In Sold, a National Book Award finalist, Patricia McCormick takes a radical departure from the suburban settings of her previous novels (Cut, and My Brother's Keeper) to tell the story of a young Nepali girl unwittingly sold into prostitution.

Told in haunting, present-tense vignettes, 13-year-old Lakshmi's stories invade the reader's conscience with a quality that is both repellent, due to the horrific subject matter, and compelling due to the clear writing and likeable heroine.

In an isolated village in the Himalayan foothills, young Lakshmi's stepfather gambles away his wife and stepdaughter's meager earnings each evening while his infant son goes hungry and next season's rice crop is washed away in a monsoon.  Lakshmi's mother, a hardworking woman full of hope and integrity constantly reminds her daughter that they are lucky to have a man at all and to be grateful that he took them in after Lakshmi's father died.  It is clear Lakshmi is puzzled by her mother's conviction, but she still looks forward to the day she will leave home to be with her betrothed.

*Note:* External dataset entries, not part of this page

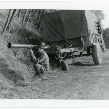 Fred Meditz positions a bazooka on his shoulder in this view from Neu-Ulm Germany, circa 1954-1956.
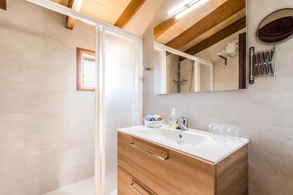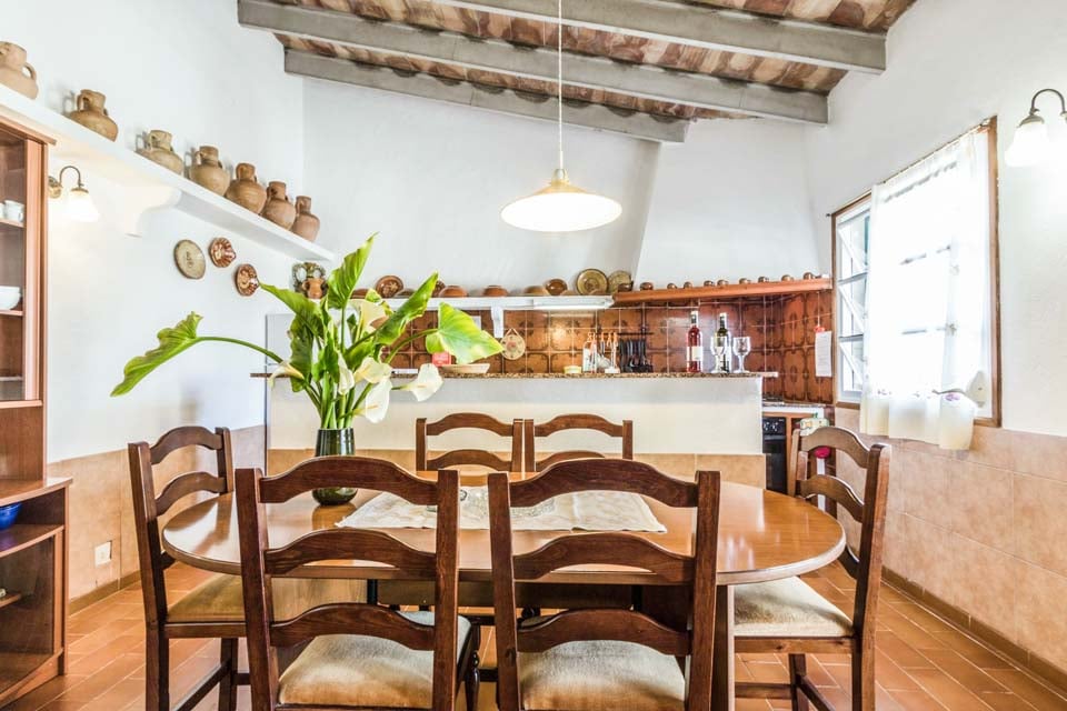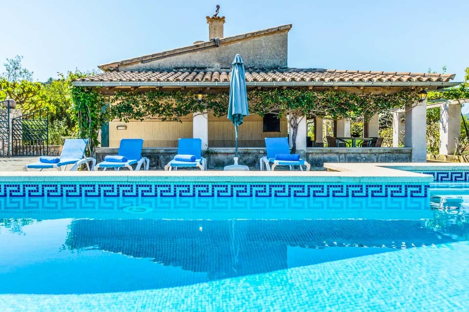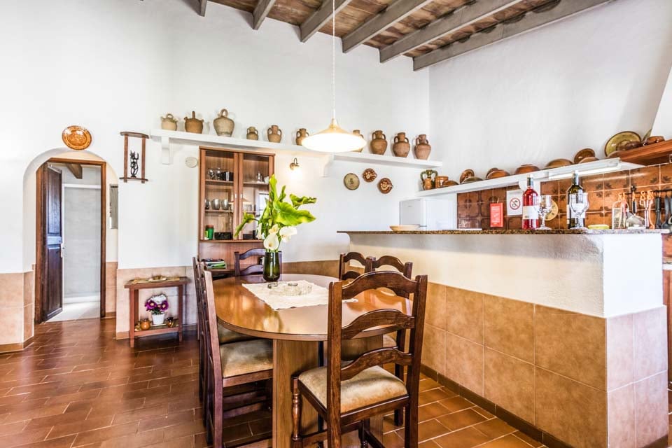Villa Catalina Petit har en nesten gresk følelse, med slynger seg rundt terrassesøylene, bassengmosaikker med blå meandermønstre og romerske trapper. Catalina Petit ligger faktisk i hjertet av den nordlige mallorcanske landsbygda, bare en kort 10-minutters kjøretur fra gamlebyen i Pollensa. Denne naturskjønne byen er gjennomsyret av historie, oser av sjarm og er vel verdt et besøk.
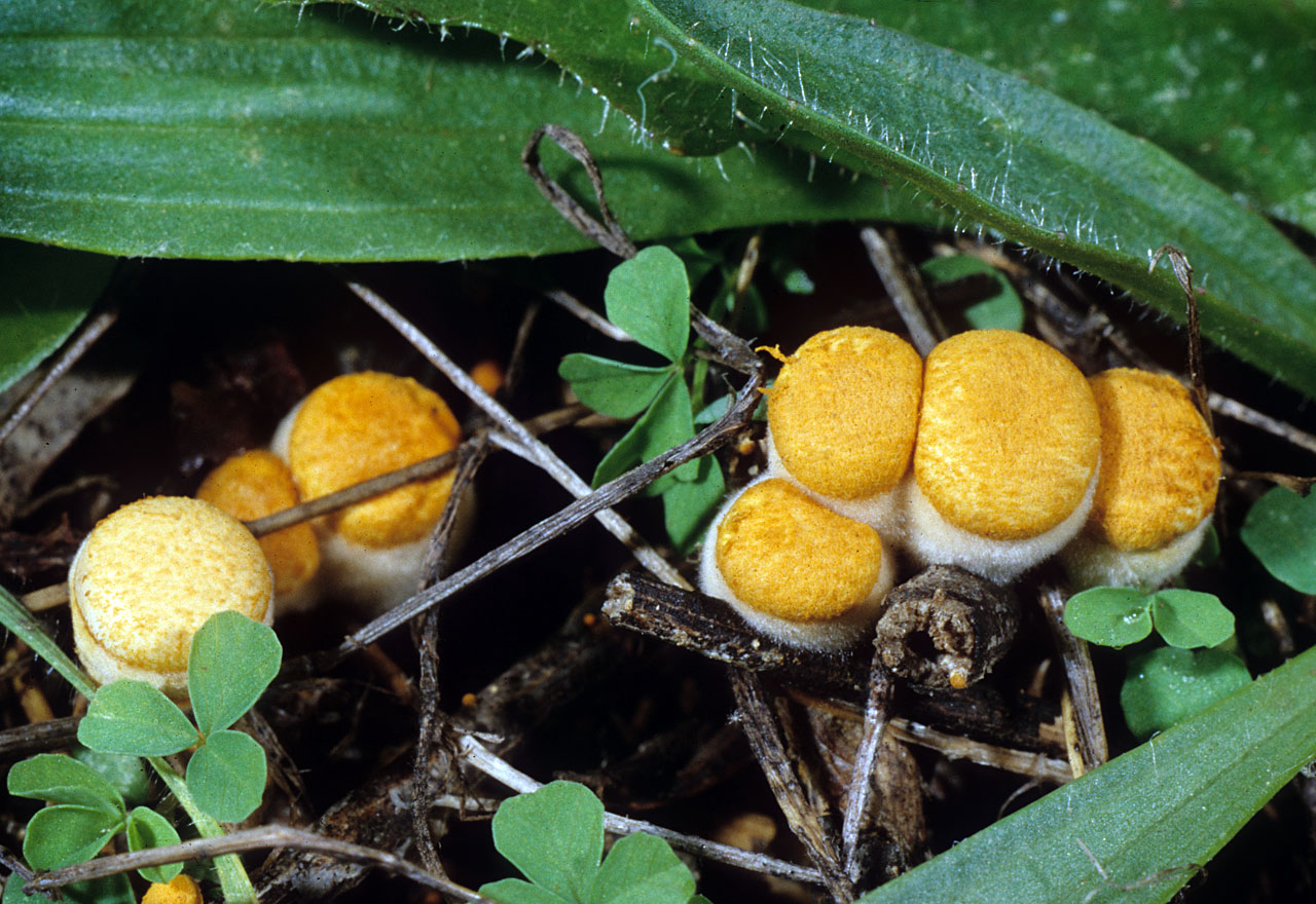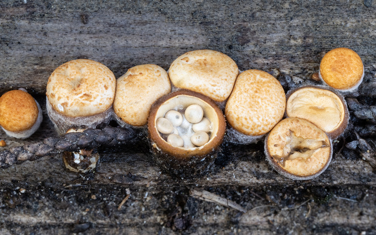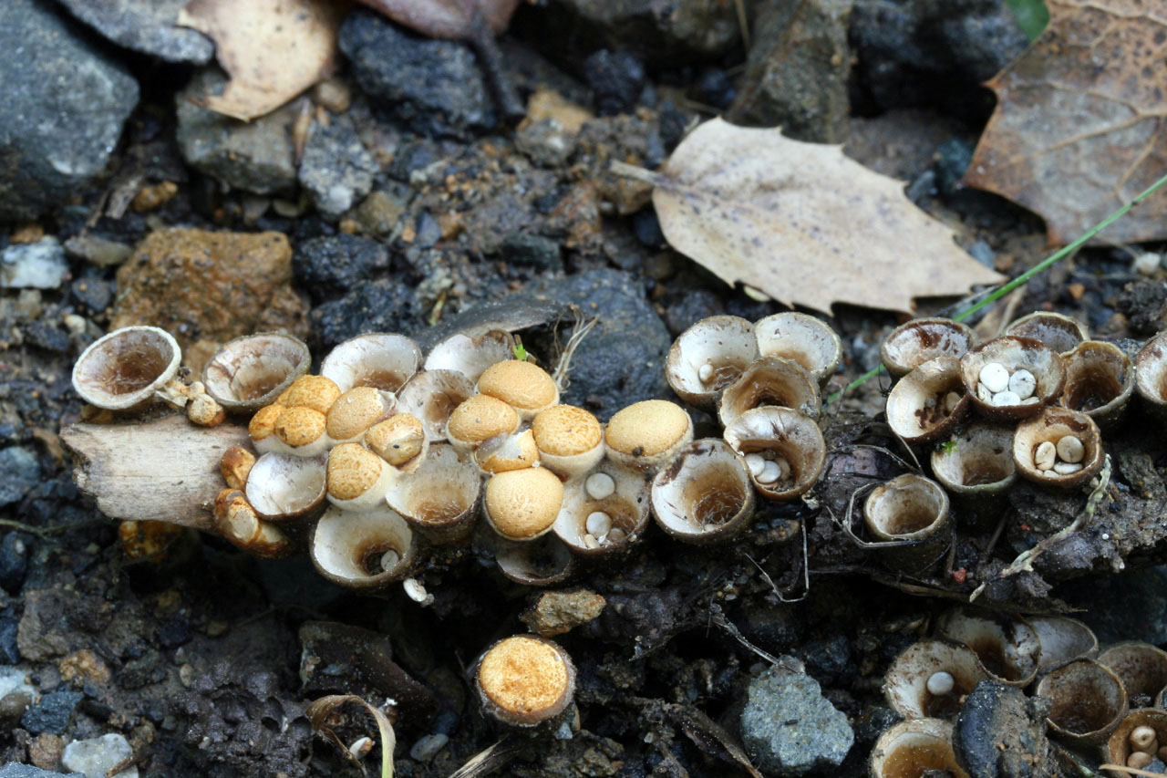 Bird's nest fungi are represented by about six or seven species in the San Francsico Bay Area with Crucibuum laevae being one of the most likely to be encountered. It is distinguished by a buff-brown, thin-walled, flaring cup with a smooth interior, and pallid to white eggs that are connected to the cup via a thin cord. Related local bird's nests include species of Cyathus and Nidula, all of which have thicker-walled cups. In addition, the cups and peridioles of Cyathus species are darker (grey-brown to dark-grey), while Nidula species have peridioles which are embedded in a gelatinous matrix.

The reader may question the bright future Lakshmi imagines for herself when her mother instructs her, on the occasion of her first period that, among other things, "If your husband asks you to wash his feet, you must do as he says, then put a bit of the water in your mouth." In this vignette, entitled "Everything I Need to Know" McCormick subtly sets up the point that if women are not valued in a culture, it is easier for sex traffickers to prey on them.  At another point in the book, the stepfather, who sells Lakshmi into prostitution (knowingly or not; it is unclear), is heard laughing with friends over the value of a daughter: "a girl is like a goat... not worth crying over when it's time to make a stew."

But nothing Lakshmi experiences at home can prepare her for the horror and brutality she encounters after being tricked into indentured servitude as a sex slave.  Thinking she is moving to the city to work as a maid and send money home to her family, this naive young girl who has never before ventured from her village continues to wonder about the strange customs of the city right up to the moment the unthinkable reality becomes apparent.  And though she is drugged, starved, raped, beaten and otherwise demoralized, Lakshmi manages to find kindness within the brothel and does her best to hold tight to hope.

McCormick actually traveled Lakshmi's path from an isolated village in Nepal to the red-light district of Calcutta, where she interviewed women working in brothels as well as several who had been rescued.  In bringing their stories to light through Lakshmi, she has given the suffering of child sex-trafficking a human face and made it impossible to ignore.